2.6 Experiments: We first employed univariate feature selection using information gain and the
two-sample t-test for unequal variance, to identify salient features that are associated with AF. We also employed polychoric correlation to determine the association between the pertinent features identified by the feature selection method and the outcome variable (AF/No-AF). We represented patients using the reduced set of features and trained simple classifiers as baseline, as described earlier. To address the data imbalance challenge, we applied the combination of under- and over-sampling to obtain a balanced training set, which was then used to train the four simple classifiers, and the ensemble classifier comprising logistic regression and naïve Bayes. Each of the classifiers was trained and tested using five-fold cross-validation, in which the data is partitioned into five equal subsets – and five iterations of learning are performed, each of which uses 80% (4 of the subsets) for training while the fifth (leftout) subset is used for testing. After each training iteration, we evaluated the performance of the resulting classifier on the imbalanced test set in terms of specificity, sensitivity and the area under the ROC curve. We ran 10 complete sets of 5-fold cross validation experiments, for a total of 50 runs; the performance reported is averaged over these 50 runs.
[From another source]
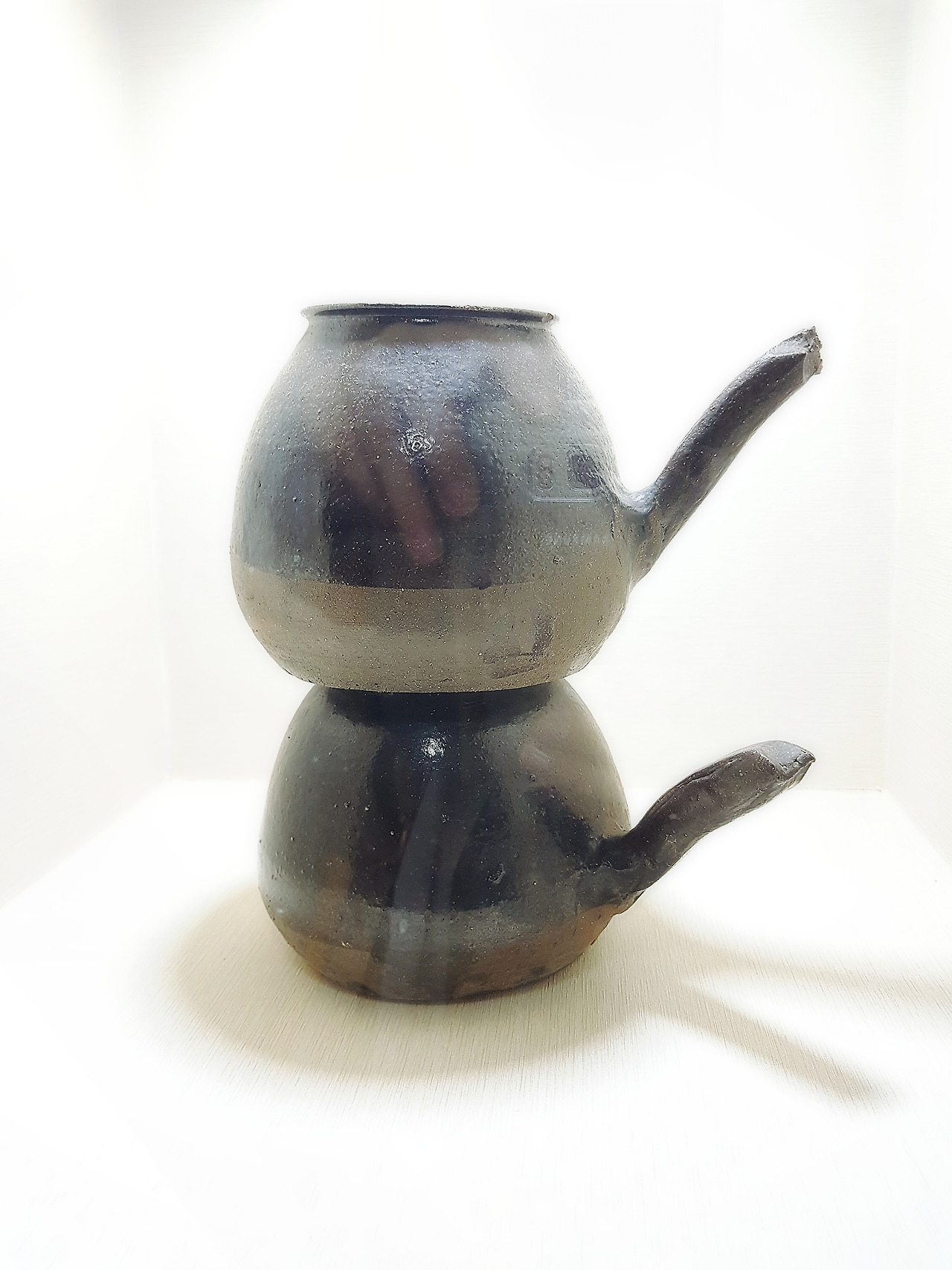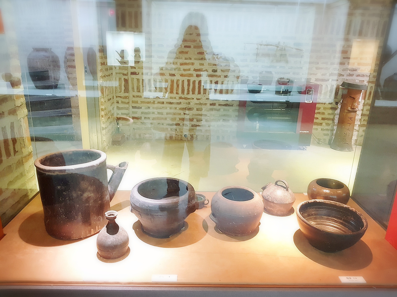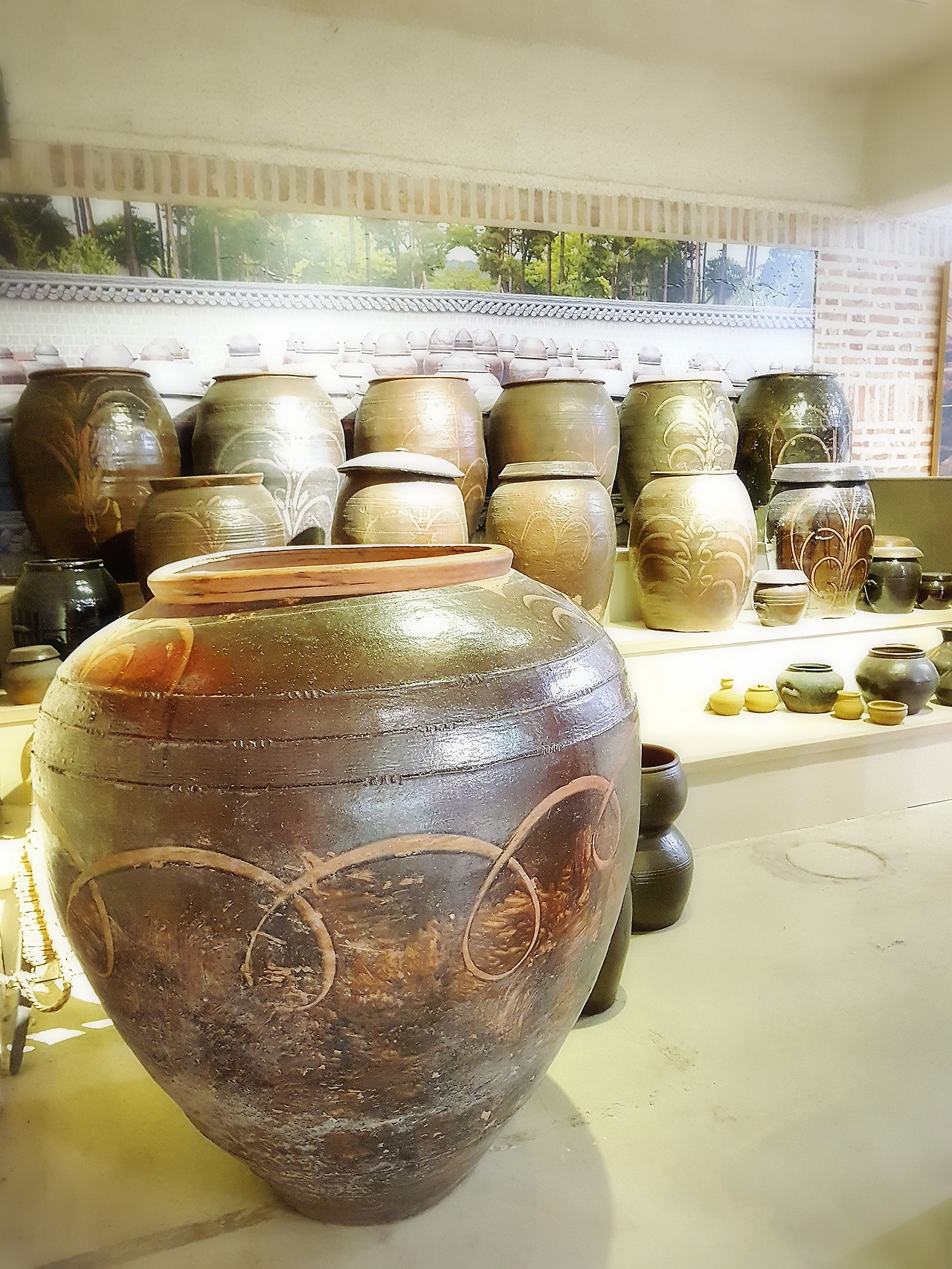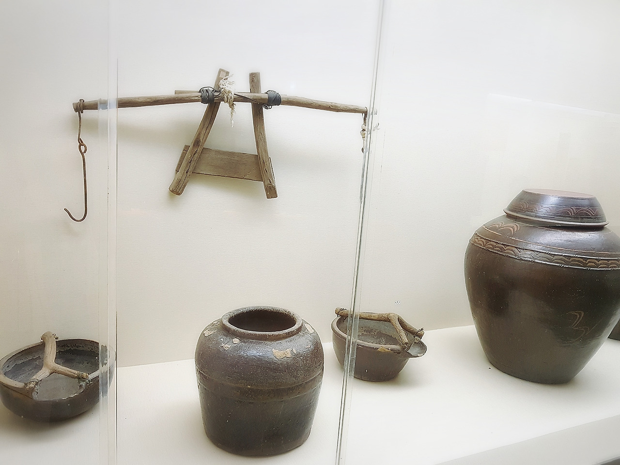 지하 전시관에 전시되어 있는 항아리들, 약탕기, 굴뚝 등등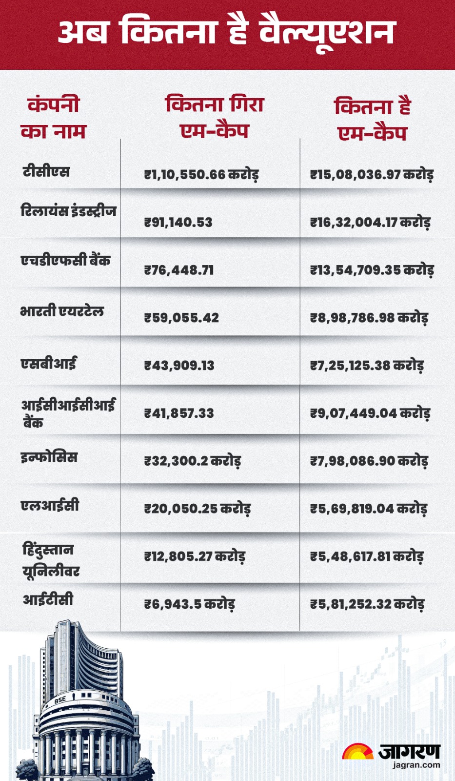 Share Market Update: बिकवाली भरे बाजार में गिर गए टॉप-10 फर्म के एम-कैप, RIL को हुआ तगड़ा नुकसान

To address data imbalance we first applied methods that were previously reported in the literature, such as simple oversampling, simple under-sampling, Adaptive Synthetic Sampling Approach (ADASYN)[33] and Meta-classification[34] and found that the performance of our combined under- and over-sampling using SMOTE was superior. Hence, we report only the results obtained using our method (HCM-AF-Risk Model ) which combines under- and over-sampling, and compare this method against the baseline classifiers.
2.7 Comparisons: We also evaluated the performance attained by our model when trained on the dataset where it is represented based on three additional feature sets (Table 3, top three rows). Those feature sets correspond to sets of attributes that were reported as predictive in three seminal AF risk identification studies, namely the Framingham Heart Study,[8] ARIC[10] and CHARGE-AF Consortium[9].